Hdoj 3046 pleasant sheep and Big big Wolf "min cut"

Pleasant sheep and Big big wolfTime limit:2000/1000 MS (java/others) Memory limit:32768/32768 K (java/others) Total submission (s): 2570 Accepted Submission (s): 1056 Problem DescriptionIn Zjnu, there is a well-known prairie. And it attracts pleasant sheep and his companions to has a holiday. Big Big Wolf and his families know on this, and quietly hid in the big lawn. As Zjnu ACM/ICPC team, we have a obligation to protect pleasant sheep and he companions to free from being disturbed by Big Big Wolf. We decided to build a number of unit fence whose length is 1. Any wolf and sheep can not cross the fence. Of course, one grid can only contain an animal. Now, we ask for the minimum fences to let pleasant sheep and he companions to free from being disturbed by Big BIG W Olf and his companions. Inputthere is many cases. For every case: N and M (n,m<=200) Then N*m matrix: 0 is empty, and 1 are pleasant sheep and his companions, 2 are big Big Wolf and his companions. Outputfor every case: First line output ' case p: ', p is the p-th case; The second line is the answer. Sample Input 4 61 0 0 1 0 00 1 1 0 0 02 0 0 0 0 00 2 0 1 1 0 Sample Output Case 1:4

Build a plan to dare to think, dare to write. WA is much more, perhaps understanding deeper. WA two times still a bit of harvest.

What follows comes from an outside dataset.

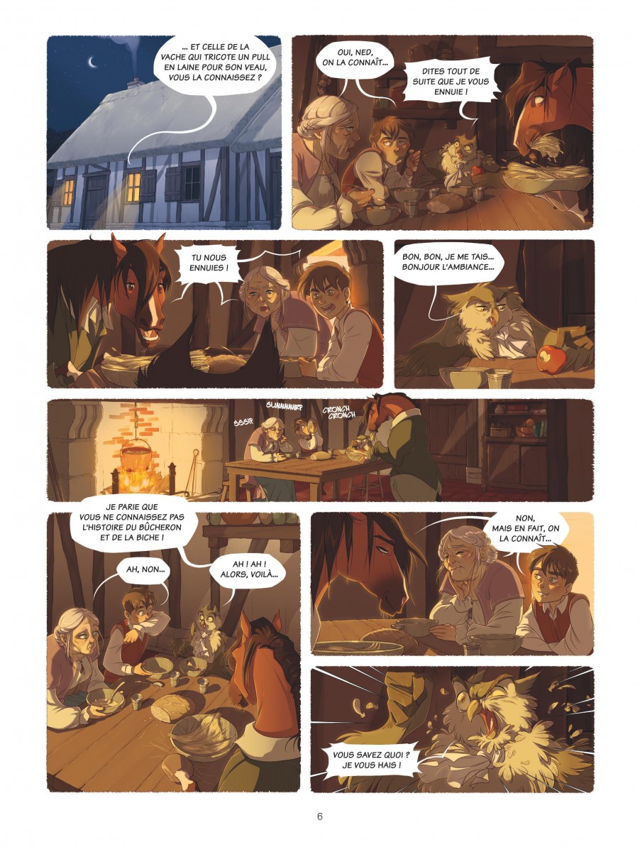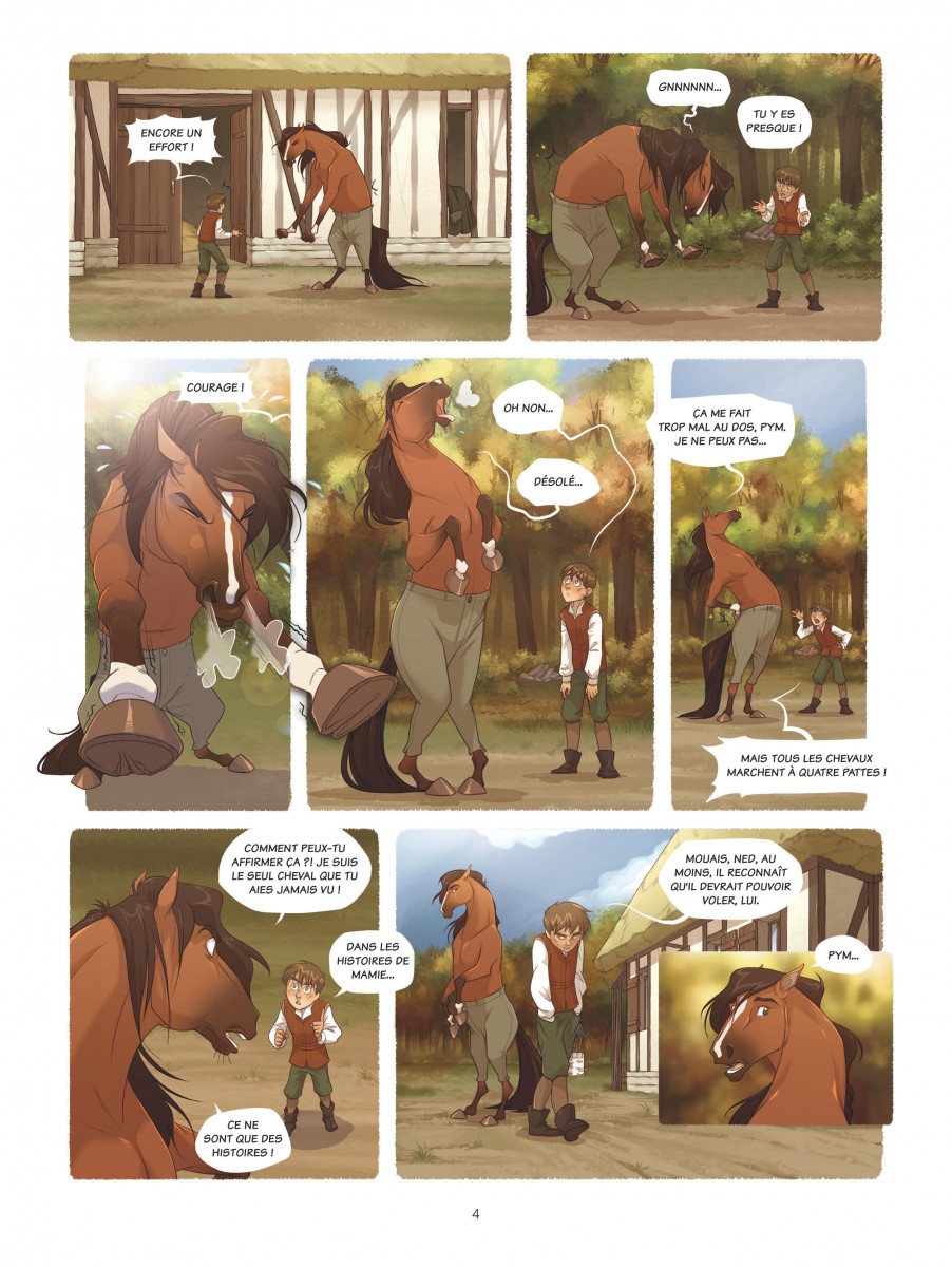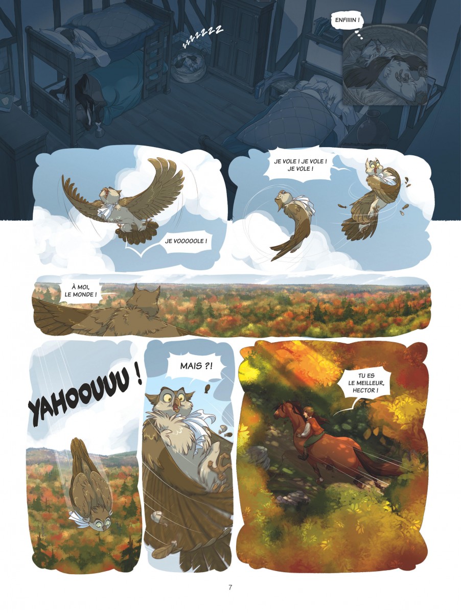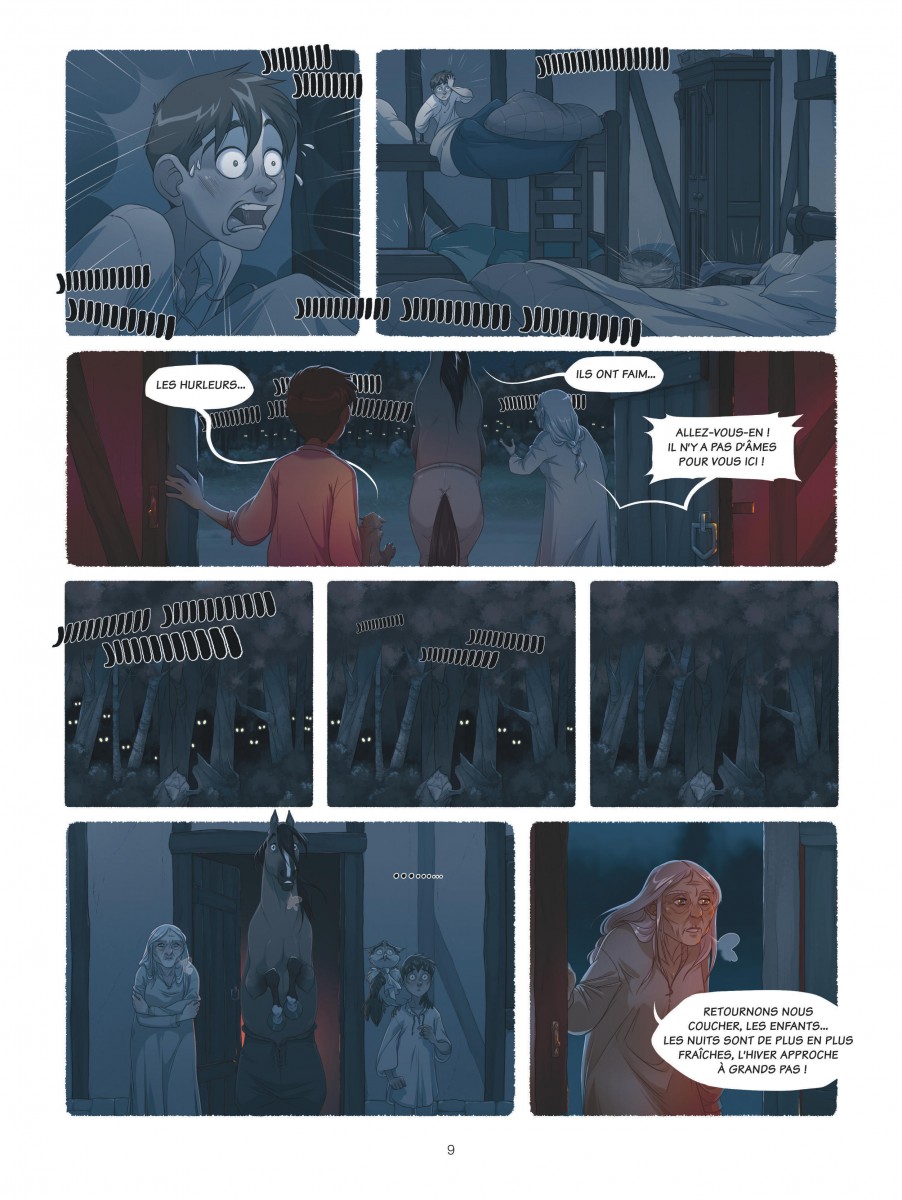 Pym et la forêt éternelle propose un univers entre contes traditionnels et fantasy médiévale, avec un jeune héros, une grand-mère énigmatique et leurs deux compagnons animaux parlants perdus au cœur d'une forêt hostile peuplée de créatures inquiétantes. Quelle est cette forêt ? Est-ce que les histoires que raconte la grand-mère sur la ville et la vie au-delà de ses sombres frondaisons sont vraies ? Ces Bien-nés, personnes dotées naturellement de pouvoirs magiques, sont-ils vraiment traqués par les sbires du jeune roi Owen ? Quels autres mystères sont ainsi cachés à la connaissance du jeune Pym ? C'est une histoire qui renoue avec les contes âpres, presque cruels, s'éloignant loin d'une fantasy trop lissée. Et pourtant ce n'est pas l'impression première qu'on a en découvrant le graphisme influencé d'une part par le manga, l'animation mais aussi beaucoup par l'école Disney. Cela saute aux yeux avec la représentation des animaux et en particulier le hibou Ned dont le côté râleur rappellera forcément l'Archimède de Merlin l'enchanteur. Ce trait léger contraste avec une ambiance inquiétante soutenue par une colorisation soignée et très appréciable. Je ne regrette que son origine un peu trop informatique qui se ressent dans les scènes d'obscurité qui devaient probablement bien mieux ressortir sur écran que sur papier où elles sont trop sombres et difficiles à distinguer. Mais pour le reste, c'est un bel ouvrage, très agréable à lire. Le scénario est globalement bien construit, dense pour une série jeunesse, avec une intrigue à tiroirs et des personnages plus ambigus qu'ils n'y paraissent au premier abord. La relation entre Pym et sa grand-mère, faite de protection, de non-dits et de secrets, est au cœur de l'intrigue du premier tome et attise la curiosité tout en agaçant un peu. Une grande part du récit est sombre, voire vraiment inquiétante, mais c'est contrebalancé par une dose de légèreté, notamment dans le comportement des animaux anthropomorphes qui apporte une touche d'humour et rend les protagonistes plus attachants. À noter qu'il semble, à voir les extraits du deuxième tome présentés en fin d'album, que la série va s'orienter vers une succession de points de vue puisque le premier est vu par les yeux de Pym tandis que le second semble se focaliser sur le prince Owen, sans doute pour lever davantage le voile sur les raisons de sa haine envers les Biens-nés qui a entraîné la situation actuelle de Pym. C'est encore une série en devenir. Le premier tome pose de belles bases mais n'est encore qu'une grande introduction et l'aventure au sens propre ne commence qu'à sa toute fin. Il faudra donc lire la suite pour se faire une opinion complète, mais cela commence très bien. Note : 3,5/5

Test instructions: give you a n*m map with only 3 numbers, 0, 1, 2, respectively. 0 means empty here, 1 means there are 1 sheep here, and 2 means there is a wolf here. To protect the sheep from being eaten by wolves, we need to build fences to block some of the paths. The length of a fence is 1, which corresponds to the path length between two adjacent points in the graph. Now ask you the minimum length of the fence (or, in other words, the number of points blocked).

Build: Set the super source point sink, the super sink point source.

1,sink to all the sheep, the capacity of the INF, indicating that the capacity can not be blocked here (if there is a fixed value, the minimum cut edge set may have sink to the edge of the sheep, this is obviously wrong).

2, adjacent points are built with each other, with a capacity of 1. Represents the cost of blocking the edge.

3, all wolves build edge to source, capacity is INF. Indicates that traffic cannot be blocked here.

After the diagram is completed, if there is traffic flowing into the meeting point, it means that the sheep will be eaten, so our aim is to block all viable flows of the sink->source at the lowest possible cost. This problem becomes the smallest cut to solve the sink->source.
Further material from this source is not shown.